Minister of Health, Jerome Ludvaune

The Minister of Health, Jerome Ludvaune, has assured the general public in Vanuatu that all the drugs given out to people by the hospitals and health facilities throughout the country have never been expired.

He reminded the people that the doctors who work in the country’s hospitals were trained and qualified professionals who knew what they were doing.

The minister made his comments following a news report raised concerns in the social media – Facebook, recently about the use of ‘expired’ drugs at the Vila Central Hospital by a family member of a patient at the hospital.

The story received hundreds of comments and concerns as a result about the use of expired drugs, which alleged that doctors at the VCH were giving expired drugs to their patients.

“I am confirming that every hospital and health facility in Vanuatu including the VCH in Port Vila, where everyday people go for treatment, that these medicines were not drugs that had already expired.

“There are no expired drugs that we are giving people who go to the hospitals to receive treatment,” he repeated.
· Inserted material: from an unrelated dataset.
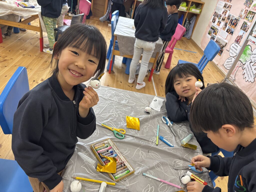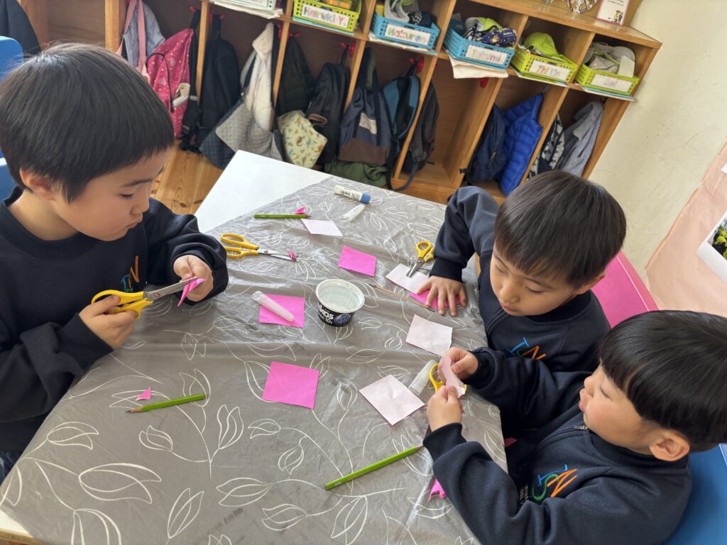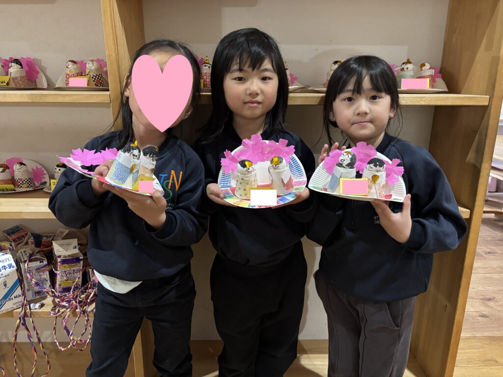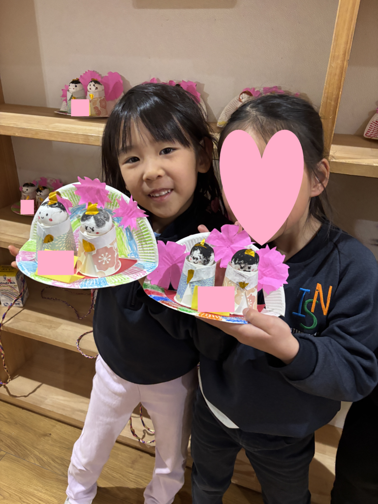 3月3日は桃の節句。ミュージックレッスンで「うれしいひな祭り」の歌を歌っているので、Rainforestさん達は、雛飾りにはどんな人たちがいるのかよく知っていました。更に、ひなまつりに関するお話を見て、3月3日に食べるちらし寿司に入っている具のそれぞれ意味や、ひなあられの色の意味などを学びました。細かい作業が上手になったRainforestさん達は、粘土、絵具、はさみ、マーカー、折り紙など様々な道具を使ってひな人形を完成させました。雪の結晶を折り紙で作った要領で桃の花を切ったり、絵具とマーカーで可愛らしいお雛様のお顔を作ったり、次の工程にする度に自分たちで何の道具か必要かよく考えながらとりくみました。どれも可愛らしいお人形が出来て、素敵なひな祭りを迎えられそうですね。

“The case which happened, and referred to in the Facebook story, the doctor needed to make a decision on it, because of its special situation.

“Before going on, I wish to confirm at this juncture, that our doctors are trained and qualified professionals and they provide the very best service to the people of the country.”
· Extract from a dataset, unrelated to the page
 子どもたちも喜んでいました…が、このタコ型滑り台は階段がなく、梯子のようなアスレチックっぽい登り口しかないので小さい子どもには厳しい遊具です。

“Now, at the time this particular incident happened, the doctor who administered this particular drug, called Clindamycin, to the patient at the hospital who was allergic to penicillin, the drug needed to treat her, because it would cause her severe irritation and inflammation,” Minister Ludvaune explained.
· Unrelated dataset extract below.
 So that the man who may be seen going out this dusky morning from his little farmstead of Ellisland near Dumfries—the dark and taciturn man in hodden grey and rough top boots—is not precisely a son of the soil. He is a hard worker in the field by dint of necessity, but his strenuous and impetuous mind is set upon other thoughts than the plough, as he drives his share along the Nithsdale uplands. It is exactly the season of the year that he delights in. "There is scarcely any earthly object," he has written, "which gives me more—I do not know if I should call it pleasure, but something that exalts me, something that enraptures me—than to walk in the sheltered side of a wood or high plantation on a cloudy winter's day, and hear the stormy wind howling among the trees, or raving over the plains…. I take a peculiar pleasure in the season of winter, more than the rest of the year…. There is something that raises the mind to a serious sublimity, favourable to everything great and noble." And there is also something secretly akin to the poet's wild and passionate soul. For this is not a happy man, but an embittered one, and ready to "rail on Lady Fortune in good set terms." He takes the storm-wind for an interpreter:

Clindamycin, we’ve been informed is a donated drug that is not in the national drugs list of the medical service of the country, and it is usually used as an alternative antibiotic in patients with severe allergy with Penicillin at the VCH.

“The patient’s body was allergic to penicillin, so the doctor had to treat the sick patient.

“The doctor was in front of this patient who was very sick and had to make a decision.

“The decision this doctor made was good and it was not bad.

“This medicine the doctor prescribed for the patient helped her to start to make a slow recovery and she felt better.

“Later on when she was much, much better after her family got her the same drug that was not expired, she returned to the hospital with her family and thanked the doctor that treated her.

“It’s true, the medicine was expired for some weeks,” the Minister of Health acknowledged, “but it was still good for use to help patients.

“It can expire but the drug’s lifespan to the extent it fully deteriorated is longer to when it is totally unsafe to use.

“If it was only some days that the medicine expired then it still had 90 to 99 per cent of the substance in the drug to treat a sick patient,” he explained.

The Daily Post understands that the expiry dates on drugs show their shelf life to help drugstores make new orders, however, the drugs could still be used for up to six months after the expiry date shown on the drug labels. A

nd that the drug used to treat the patient in question was expired by two weeks, which was still good to use treat patients with severe allergy to penicillin.

“So, the doctors don’t make mistakes, they know when the decision they make for a patient is right.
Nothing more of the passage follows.